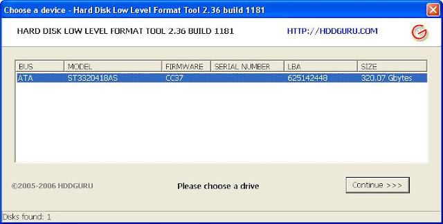 Pada gambar diatas, harddisk yang digunakan masih hanya satu, sehingga pilihan harddisk yang ditampilkan hanya satu. Jika harddisk yang bad sector sudah kita gandengkan, maka akan terdapat dua pilihan harddisk. Perhatikanlah jenis model hardisk yang terdapat pada HDD Low Level Format Tools tersebut dengan model yang tertulis pada harddisk yang terkena bad sector tersebut (jangan salah pilih, karena harddisk yang akan di format dengan low level akan mengakibatkan partisi dan data akan terhapus). Jika sudah memilih model harddisk yang terkena bad sector, clicklah tombol "Continue". Pada langkah berikutnya, pilihlah tab "Low-Level Format" dan click tombol "Format This Device"
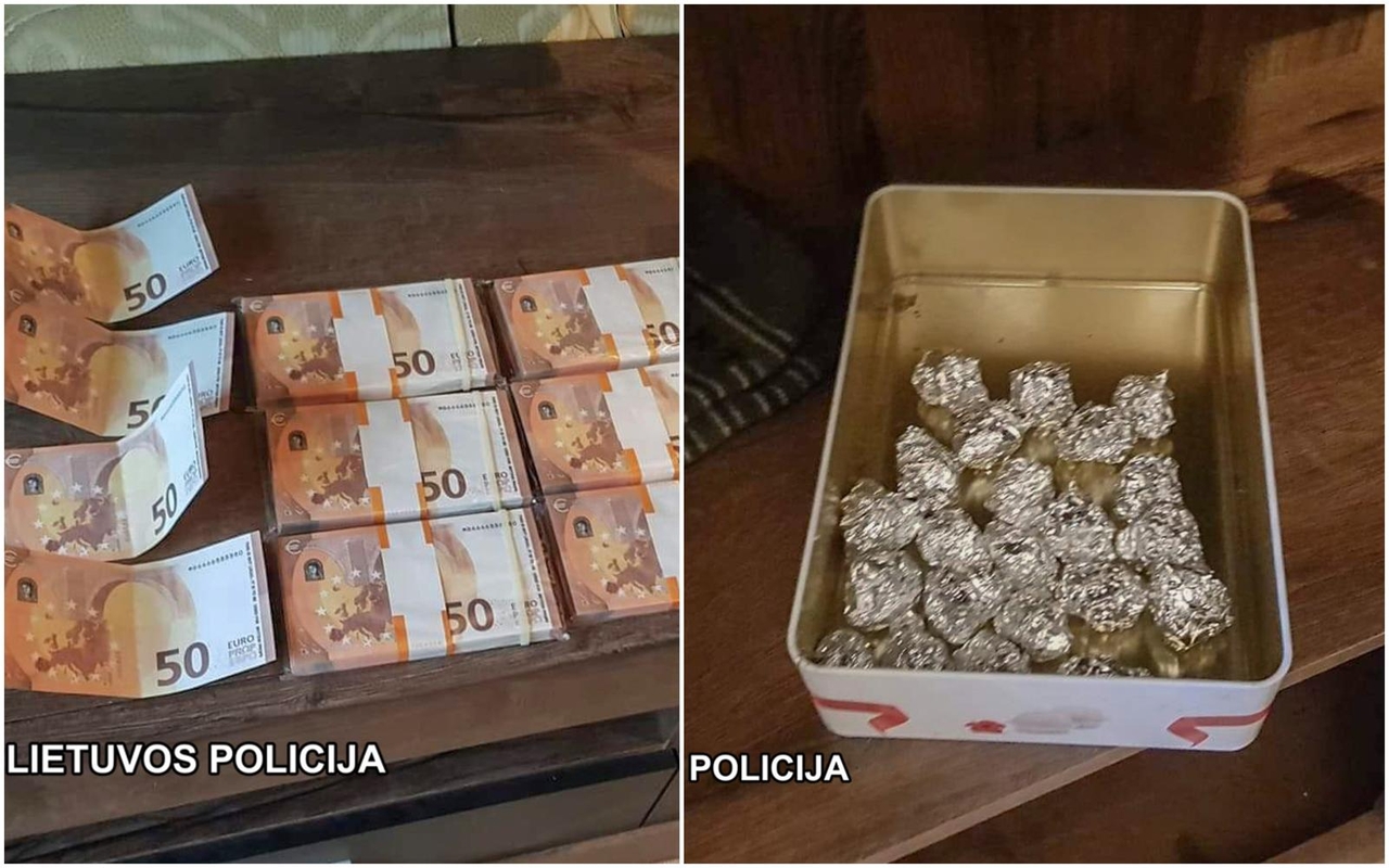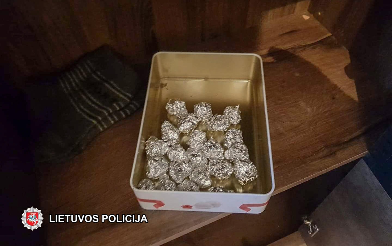 Įtariamojo bute pareigūnai taip pat aptiko du indus su 35 folijos lankstinukais, kuriuose supakuota augalinės kilmės medžiaga, manoma, narkotikai.
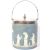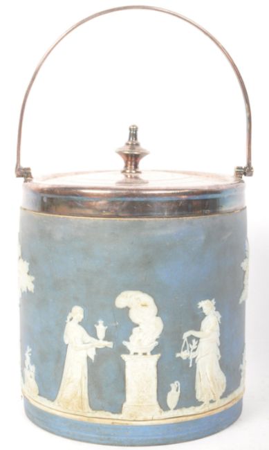 A retro vintage 20th Century Wedgwood Jasperware Dudson brothers biscuit jar / container. The stoneware item has a curved metal swing handle, metal lidded top with blue back drop and white silhouette decoration. Measures approx. 23cm tall.
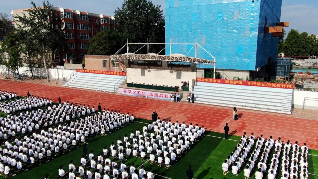在雄壮的国歌声中,全体师生肃立并行注目礼,军训动员大会正式拉开序幕。
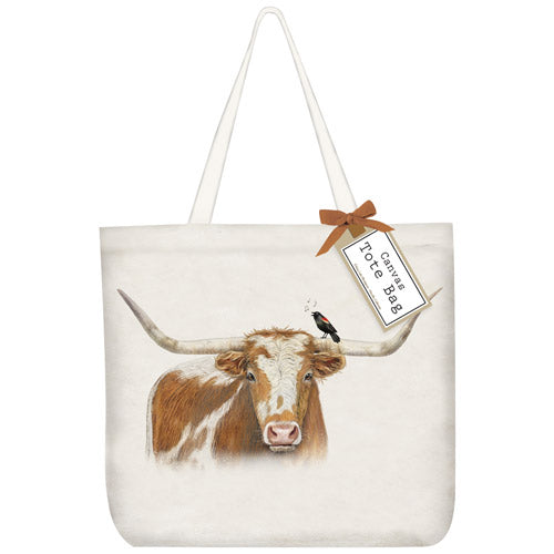 Canvas tote printed with a decorative graphic and finished with a matching bow and hang tag.
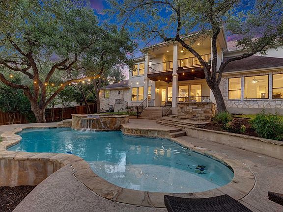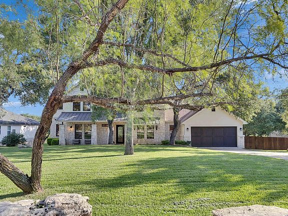 Privacy abounds at this half-acre tree-covered sanctuary, where creatures both two and four-legged will enjoy running around on the lush grass. This updated home is an entertainer’s dream - excellent flow for a gathering in the open-concept first-floor living|kitchen|dining space with new wood floors. The entire kitchen has been recently renovated; shiny new stainless-steel appliances too! Plenty of seating at the kitchen counter + a generous island provide a prep area where you can watch guests splash around in the pool. HUGE 4-car garage with space for all the toys - including your boat. Three covered outdoor areas where you can read a book + listen to the birds. And this backyard is what dreams are made of: a pool with a waterfall feature from a spa, an outdoor kitchen with a grill + fridge, and a fire pit to gather around on cooler nights. Enjoy a spirited game of touch football on the back lawn, plant your own vegetables, or lounge nestled under the canopy of majestic oak trees. Two bedrooms on the main level, including a primary suite with views to your backyard that give it a treehouse vibe. Large upstairs game room can flex to be used in a number of ways - workout, media room, bunk room, etc. Visit the virtual tour link for a Matterport 3D walk-through. 2025 updates + improvements: new kitchen cabinets, sink, stainless-steel appliances (6-burner cooktop, oven, microwave, dishwasher), quartzite countertops, wood floors, carpeting, interior + exterior paint, water heater, landscaping + more. Pack a lunch, grab your dog + your paddle board for fun at Fritz Hughes Park on Lake Austin - less than 1/2 mile from your new home. Ten minute walk to Jessica Hollis Park and trails to walk, bike, etc. Zoned to Leander ISD - greatschools.org ratings: Steiner Elementary (7/10), Canyon Ridge Middle (9/10), Vandegrift High School (9/10).
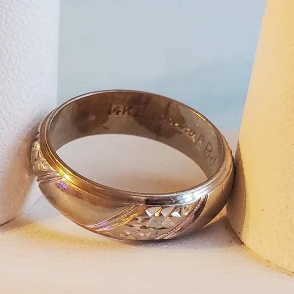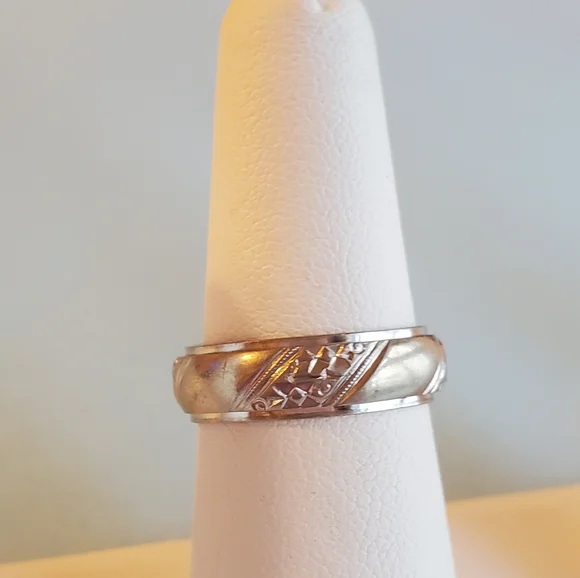 Unisex, Vintage, Marked 14k Keepsake, size 7, 6mm wide, beveled edge, cigar band with etched detailing, 5g white gold**Engraved on the inside EBJ to CSJ 5/17/60Keepsake is one of...

.....

▶ **Try it**
What you produce should repeat the data word for word while omitting all images.

▶ **Solution**
 Pada gambar diatas, harddisk yang digunakan masih hanya satu, sehingga pilihan harddisk yang ditampilkan hanya satu. Jika harddisk yang bad sector sudah kita gandengkan, maka akan terdapat dua pilihan harddisk. Perhatikanlah jenis model hardisk yang terdapat pada HDD Low Level Format Tools tersebut dengan model yang tertulis pada harddisk yang terkena bad sector tersebut (jangan salah pilih, karena harddisk yang akan di format dengan low level akan mengakibatkan partisi dan data akan terhapus). Jika sudah memilih model harddisk yang terkena bad sector, clicklah tombol "Continue". Pada langkah berikutnya, pilihlah tab "Low-Level Format" dan click tombol "Format This Device"
 Įtariamojo bute pareigūnai taip pat aptiko du indus su 35 folijos lankstinukais, kuriuose supakuota augalinės kilmės medžiaga, manoma, narkotikai.
 A retro vintage 20th Century Wedgwood Jasperware Dudson brothers biscuit jar / container. The stoneware item has a curved metal swing handle, metal lidded top with blue back drop and white silhouette decoration. Measures approx. 23cm tall.
在雄壮的国歌声中,全体师生肃立并行注目礼,军训动员大会正式拉开序幕。
 Canvas tote printed with a decorative graphic and finished with a matching bow and hang tag.
 Privacy abounds at this half-acre tree-covered sanctuary, where creatures both two and four-legged will enjoy running around on the lush grass. This updated home is an entertainer’s dream - excellent flow for a gathering in the open-concept first-floor living|kitchen|dining space with new wood floors. The entire kitchen has been recently renovated; shiny new stainless-steel appliances too! Plenty of seating at the kitchen counter + a generous island provide a prep area where you can watch guests splash around in the pool. HUGE 4-car garage with space for all the toys - including your boat. Three covered outdoor areas where you can read a book + listen to the birds. And this backyard is what dreams are made of: a pool with a waterfall feature from a spa, an outdoor kitchen with a grill + fridge, and a fire pit to gather around on cooler nights. Enjoy a spirited game of touch football on the back lawn, plant your own vegetables, or lounge nestled under the canopy of majestic oak trees. Two bedrooms on the main level, including a primary suite with views to your backyard that give it a treehouse vibe. Large upstairs game room can flex to be used in a number of ways - workout, media room, bunk room, etc. Visit the virtual tour link for a Matterport 3D walk-through. 2025 updates + improvements: new kitchen cabinets, sink, stainless-steel appliances (6-burner cooktop, oven, microwave, dishwasher), quartzite countertops, wood floors, carpeting, interior + exterior paint, water heater, landscaping + more. Pack a lunch, grab your dog + your paddle board for fun at Fritz Hughes Park on Lake Austin - less than 1/2 mile from your new home. Ten minute walk to Jessica Hollis Park and trails to walk, bike, etc. Zoned to Leander ISD - greatschools.org ratings: Steiner Elementary (7/10), Canyon Ridge Middle (9/10), Vandegrift High School (9/10).
 Unisex, Vintage, Marked 14k Keepsake, size 7, 6mm wide, beveled edge, cigar band with etched detailing, 5g white gold**Engraved on the inside EBJ to CSJ 5/17/60Keepsake is one of...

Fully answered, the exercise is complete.